Chapter 6: Determinants, Matrices and Polynomials

This chapter is most similar to classical polynomial invariant theory, the study of symmetric functions of the roots of polynomials such as the discriminant. A major theme of this chapter is the study of the relations between properties of polynomial coefficients and the locations of roots of the polynomials. The study of matrices brings us to the remarkable Binet-Cauchy Formula for the determinant of a product of matrices. The results are deep, but it is a shame that more time isn’t spent on simple concrete applications such as using the Binet-Cauchy formula to count the number of spanning trees in a graph. This chapter reveals the parts of combinatorics that come from analysis and the study of locations of roots of polynomials (via group theory), in contrast to the parts that come from enumerating finite sets, linear algebra and abstract algebra. This is also the chapter where the exterior algebra, a favorite tool of Rota’s, is most discussed.
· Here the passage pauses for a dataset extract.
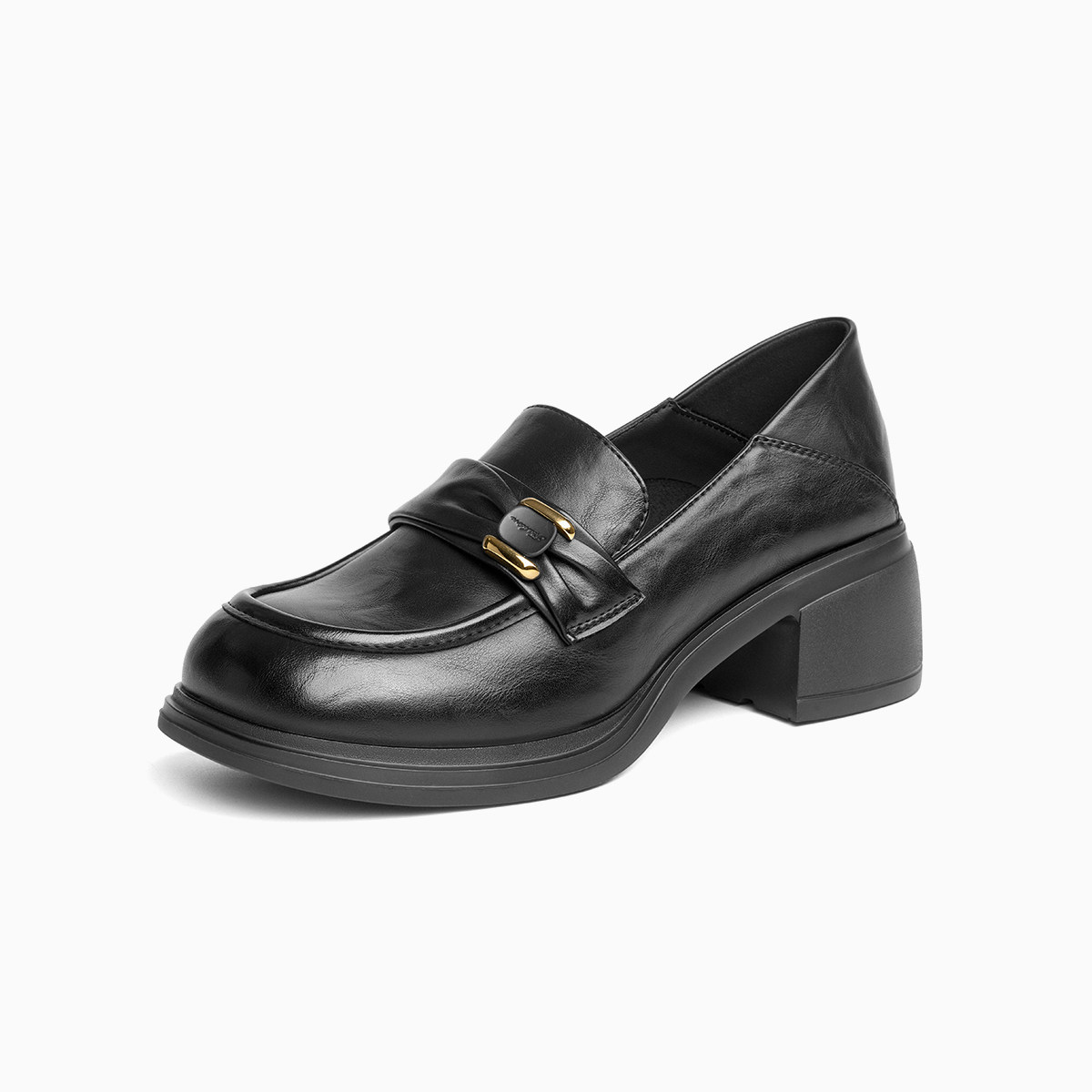 日泰头层牛皮女单鞋秋季厚底小皮鞋百搭通勤鞋妈妈软底真皮乐福鞋
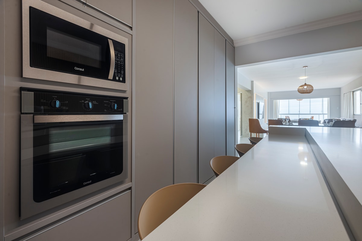 Celotno stanovanje s 3 spalnicami (2 suiti +1) s panoramskim razgledom in privilegirano lokacijo ob morju plaže Cabeçudas. Velik in udoben prostor je bil pripravljen in opremljen za sprejemanje gostov z udobjem in priročnostjo: dvojna postelja, Wi-Fi, pametna TV 50'', polna kuhinja, plinska prha, pralni stroj, zasebna garaža in balkon z gurmanskim prostorom. Idealen kraj za sprejem družin in parov. Uživajte v spektakularnem razgledu in mirnih vodah najbolj očarljive plaže v Itajaíju!

A typo on page 275 (a potentially confusing comma in the definition of the $ eval()$ operation) can be recovered from because the authors have the nice habit of explicitly calling out the domain and range of functions.


Some important questions about this book are: is Gian-Carlo Rota a coauthor, what is the purpose of the book and who is the best audience?

Gian-Carlo Rota seems appropriately labeled as a co-author, as clearly a lot of his work went into the book. The book is not suitable to be used as an introductory text book or as a reference. It is a book meant to be read. The ideal audience is capable of graduate level mathematics, is comfortable with a high degree of abstraction and algebra and is already familiar with many of the structures and techniques of combinatorics: sets, graphs, matrices, alternating sequences and generating functions. A mathematician or computer scientist wanting to learn more about the science of combinatorics will find a good read here.

The book works best as a second read of the topics covered. If you already know of a combinatorial method, like Pólya’s Enumeration Theory, this book is a good place to find the starting point for an alternate and powerful treatment of the topic. The book admits to not being self contained, and has a few forward-reference problems. However, this is forgivable when you realize the goal of this book is not to teach some easy discrete mathematics before you move on to analysis, but to extract the important combinatorial methods and themes from all of mathematics.

The content is well written, very accurate and well edited. The index is good, but not quite up to the job. The bibliography is very good and divided into three useful sections: papers by Gian-Carlo Rota and coworkers, books for further reading and a section of references.

We close with a extract from the book at hand. Many mathematicians have used the phrase “merely combinatorial proof” as a phrase of dismissal. However, when properly founded, combinatorial proofs are in fact more general than proofs that depend on additional specific details from the original problem domain. The authors take some justifiable pleasure in including points like: “Hilbert’s basis theorem is equivalent to the ‘trivial combinatorial fact’ given in Gordan’s lemma.” This is certainly a taste of combinatorics the Rota way.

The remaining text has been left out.